- _WHAT IS REQUIRED_: The result should be an exact copy of only the lines from the one holding "Farm Innovators Outdoor" through the last line of the data below, please, without pictures.

- _THE DATA_:
************

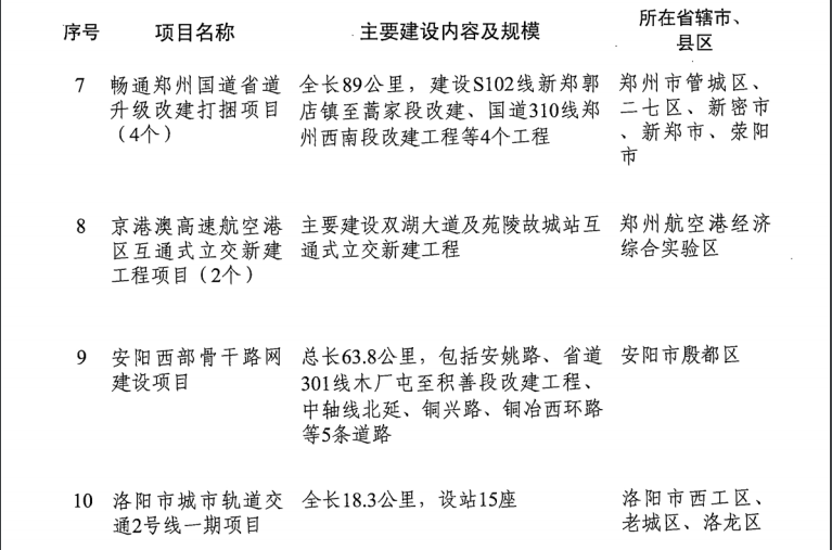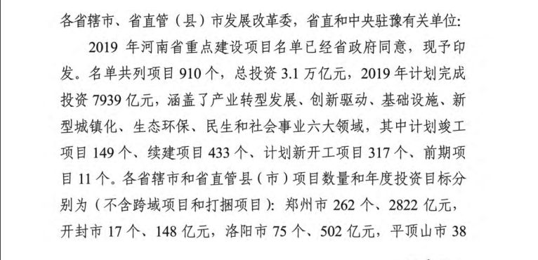 河南省發(fā)改委發(fā)布《關(guān)于印發(fā)2019年河南省重點建設(shè)項目名單的通知》。名單共列項目910個,總投資3.1萬億元,2019年計劃完成投資7939億元,涵蓋了產(chǎn)業(yè)轉(zhuǎn)型發(fā)展、創(chuàng)新驅(qū)動、基礎(chǔ)設(shè)施、新型城鎮(zhèn)化、生態(tài)環(huán)保、民生和社會事業(yè)六大領(lǐng)域18個行業(yè)。其中計劃竣工項目149個、續(xù)建項目433個、計劃新開工項目317個、前期項目11個。
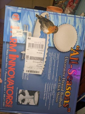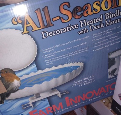 Farm Innovators Outdoor Heated Bird Bath, 120 Watt Stone Birdbath w/ Deck Mount
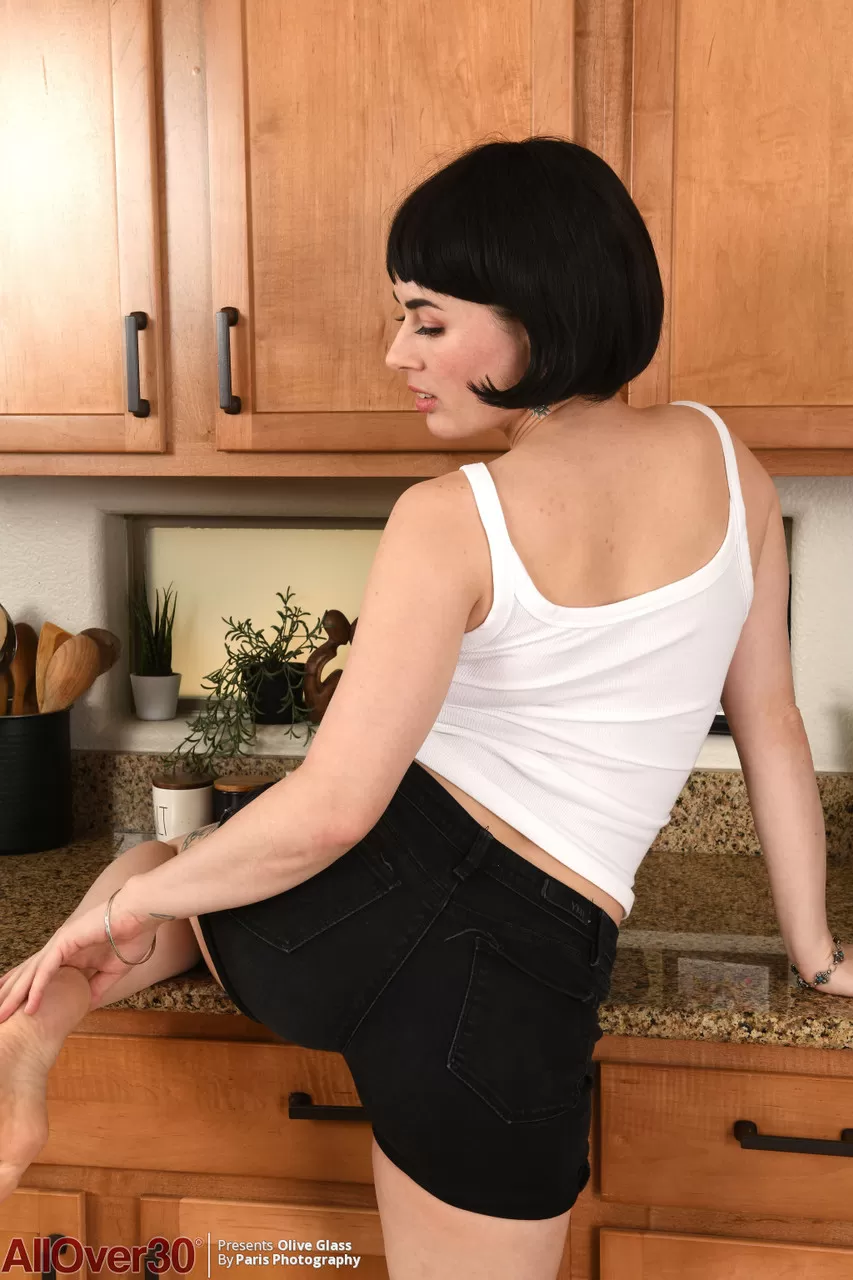 Темноволосая милфа Олив Гласс раздвигает свою киску после того, как обнажает свои идеальные сиськи
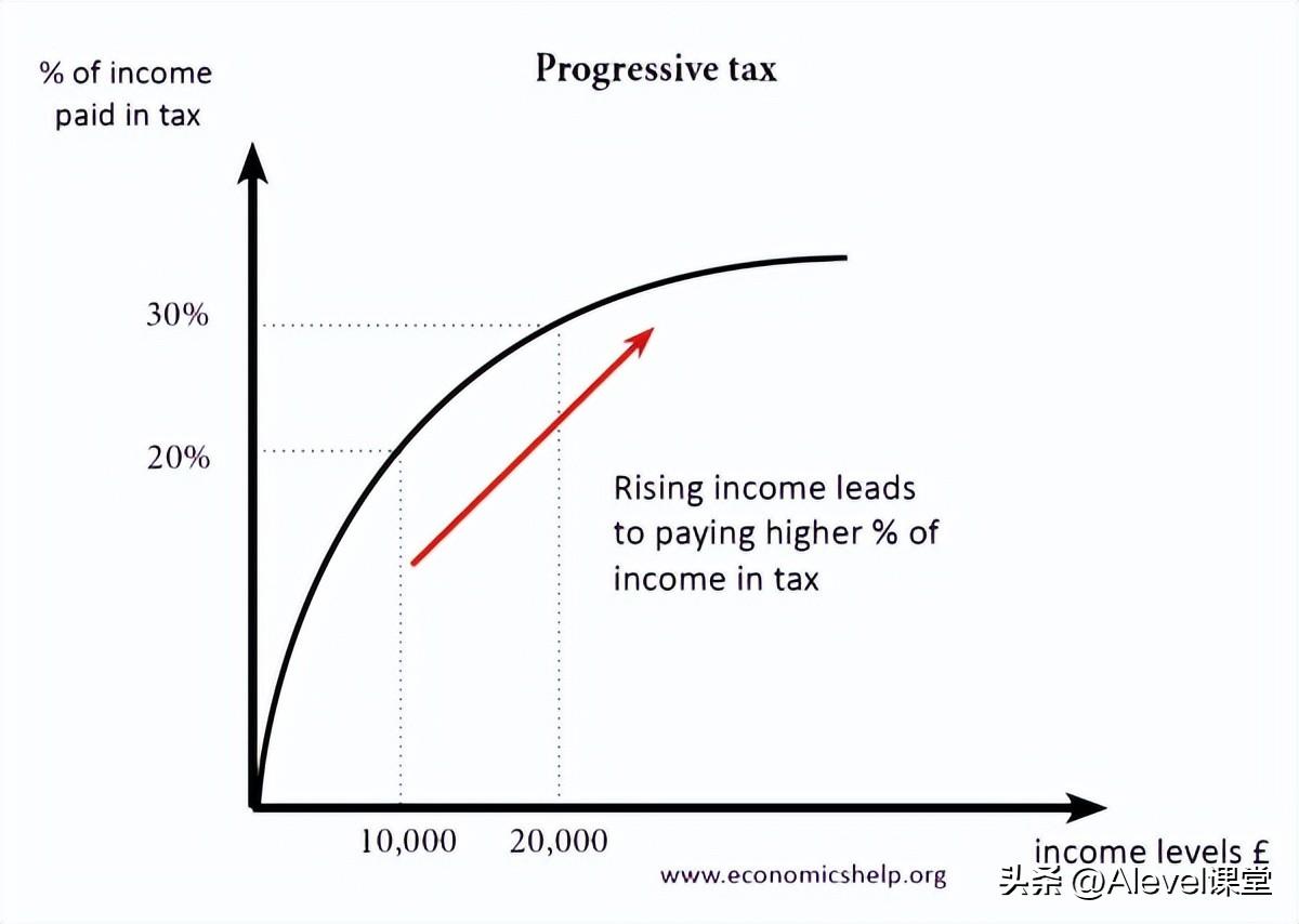This is a tax that when income rises people pay a higher % of their income in tax. For example, the top rate of income tax is 40%. This is paid on earnings over £40,000 a year. 这是一种税收,当收入增加时,人们支付更高的收入百分比的税收。例如,所得税的最高税率是40%。这是对每年超过40,000英镑的收入支付的。

************

- _ANSWER TO THE EXERCISE_:
 Farm Innovators Outdoor Heated Bird Bath, 120 Watt Stone Birdbath w/ Deck Mount
 Темноволосая милфа Олив Гласс раздвигает свою киску после того, как обнажает свои идеальные сиськи
This is a tax that when income rises people pay a higher % of their income in tax. For example, the top rate of income tax is 40%. This is paid on earnings over £40,000 a year. 这是一种税收,当收入增加时,人们支付更高的收入百分比的税收。例如,所得税的最高税率是40%。这是对每年超过40,000英镑的收入支付的。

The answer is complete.